Iraq had the weapons according to the UN. Saddam agreed to destroy
them to end the war but then reneged. According to Hans Blix the
weapons Saddam was known to have were still missing and Saddam was
still refusing to cooperate. This was a little over a month before the
war and 12 years after he agreed to disarm.

He had weapons, he used the weapons, and he refused to show he
destroyed the weapons.

Analogy: a known terrorist is spotted with a backpack in a crowded
market in Israel. When he realizes he's recognized he yells they're
only books and runs. Chances are he'll be shot.
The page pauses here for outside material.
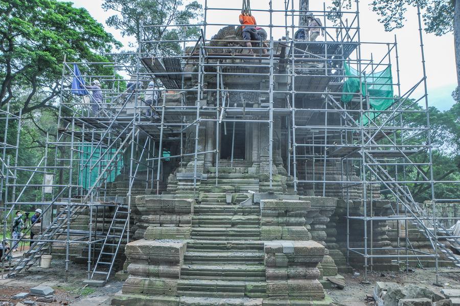 PHNOM PENH, Sept. 16 (Xinhua) -- The restoration of the centuries-old Chorm Temple in northwest Cambodia's Angkor Archaeological Park is nearing completion, the APSARA National Authority (ANA) said in a news release on Monday.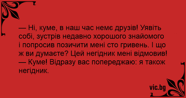 — Ні, куме, в наш час немє друзів! Уявіть собі, зустрів недавно хорошого знайомого і попросив позичити мені сто гривень. І що ж ви думаєте? Цей негідник мені відмовив!

> FACT: Countries around the world, UN Weapons Inspectors, several Analysts, 
> And members of various US Administrations stated that
> Iraq might not have WMD,and is probably not as immediate a threat as the US 
> is making it out to be.That more time should be taken
> investigating the Evidence and allowing the UN Weapons Inspectors to make a 
> better determination of what really existed on the
> ground in Iraq.

Most countries believed and told us he had weapons. I know North Korea
funded protests around the world against the war, but I know of no
other countries that had doubts. As for weapons inspectors, Hans Blix
changed his tune a week before the war. Before that he seemed to think
they were there.


> FACT: George Bush now says that as the evidence stands, Pre-War Iraq did NOT 
> have WMD and that the Intelligence process appears to
> have been flawed and America must now determine what went wrong with the 
> Intelligence gathering.

He actually said:
"I felt like we'd find weapons of mass destruction — like many here in
the United States, many around the world. The United Nations thought
he had weapons of mass destruction," Bush told Walters. "So,
therefore: one, we need to find out what went wrong in the
intelligence gathering. … Saddam was dangerous and the world is safer
without him in power."

> 
> CONCLUSION: America went to war in Iraq based on flawed Intelligence. George 
> Bush erroneously took the United States into war, his
> central reason for going to war with Iraq was false.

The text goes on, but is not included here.